Data for this exercise.
☆ ☆ ☆ ☆ ☆
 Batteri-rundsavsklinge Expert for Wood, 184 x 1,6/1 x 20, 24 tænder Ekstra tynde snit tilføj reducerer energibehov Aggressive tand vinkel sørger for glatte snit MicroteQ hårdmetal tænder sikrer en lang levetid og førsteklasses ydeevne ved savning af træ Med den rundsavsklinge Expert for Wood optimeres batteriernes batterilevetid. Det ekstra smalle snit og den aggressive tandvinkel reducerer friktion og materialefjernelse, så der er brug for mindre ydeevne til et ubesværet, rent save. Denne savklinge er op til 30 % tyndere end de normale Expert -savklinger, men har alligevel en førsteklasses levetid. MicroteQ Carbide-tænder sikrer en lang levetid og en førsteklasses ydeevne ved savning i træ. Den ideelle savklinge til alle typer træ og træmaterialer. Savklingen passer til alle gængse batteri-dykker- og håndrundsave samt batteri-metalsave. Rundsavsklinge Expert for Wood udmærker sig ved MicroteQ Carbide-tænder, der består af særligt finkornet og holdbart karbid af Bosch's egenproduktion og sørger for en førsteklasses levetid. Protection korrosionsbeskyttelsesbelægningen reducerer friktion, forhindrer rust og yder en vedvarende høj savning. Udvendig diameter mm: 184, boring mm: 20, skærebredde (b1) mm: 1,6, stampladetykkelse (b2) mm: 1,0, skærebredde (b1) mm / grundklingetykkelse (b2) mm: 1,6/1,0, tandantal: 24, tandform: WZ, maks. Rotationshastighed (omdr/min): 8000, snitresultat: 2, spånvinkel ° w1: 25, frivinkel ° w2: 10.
☆ ☆ ☆ ☆ ☆
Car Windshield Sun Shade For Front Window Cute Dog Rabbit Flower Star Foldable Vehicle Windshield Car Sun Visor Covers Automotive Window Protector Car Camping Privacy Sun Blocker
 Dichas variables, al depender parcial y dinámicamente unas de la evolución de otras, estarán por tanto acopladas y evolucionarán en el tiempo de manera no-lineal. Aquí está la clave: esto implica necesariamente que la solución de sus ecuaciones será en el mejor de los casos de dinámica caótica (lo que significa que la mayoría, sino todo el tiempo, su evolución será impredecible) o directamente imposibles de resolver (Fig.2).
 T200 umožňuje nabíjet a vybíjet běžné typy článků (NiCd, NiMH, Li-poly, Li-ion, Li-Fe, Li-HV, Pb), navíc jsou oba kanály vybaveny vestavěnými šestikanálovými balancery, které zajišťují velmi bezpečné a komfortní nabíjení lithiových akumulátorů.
☆ ☆ ☆ ☆ ☆
Try it. Return only the part of the records above that opens with the line containing "Car Windshield Sun" and closes with the line containing "T200 umožňuje nabíjet", ends included.

Answer to this exercise.
Car Windshield Sun Shade For Front Window Cute Dog Rabbit Flower Star Foldable Vehicle Windshield Car Sun Visor Covers Automotive Window Protector Car Camping Privacy Sun Blocker
 Dichas variables, al depender parcial y dinámicamente unas de la evolución de otras, estarán por tanto acopladas y evolucionarán en el tiempo de manera no-lineal. Aquí está la clave: esto implica necesariamente que la solución de sus ecuaciones será en el mejor de los casos de dinámica caótica (lo que significa que la mayoría, sino todo el tiempo, su evolución será impredecible) o directamente imposibles de resolver (Fig.2).
 T200 umožňuje nabíjet a vybíjet běžné typy článků (NiCd, NiMH, Li-poly, Li-ion, Li-Fe, Li-HV, Pb), navíc jsou oba kanály vybaveny vestavěnými šestikanálovými balancery, které zajišťují velmi bezpečné a komfortní nabíjení lithiových akumulátorů.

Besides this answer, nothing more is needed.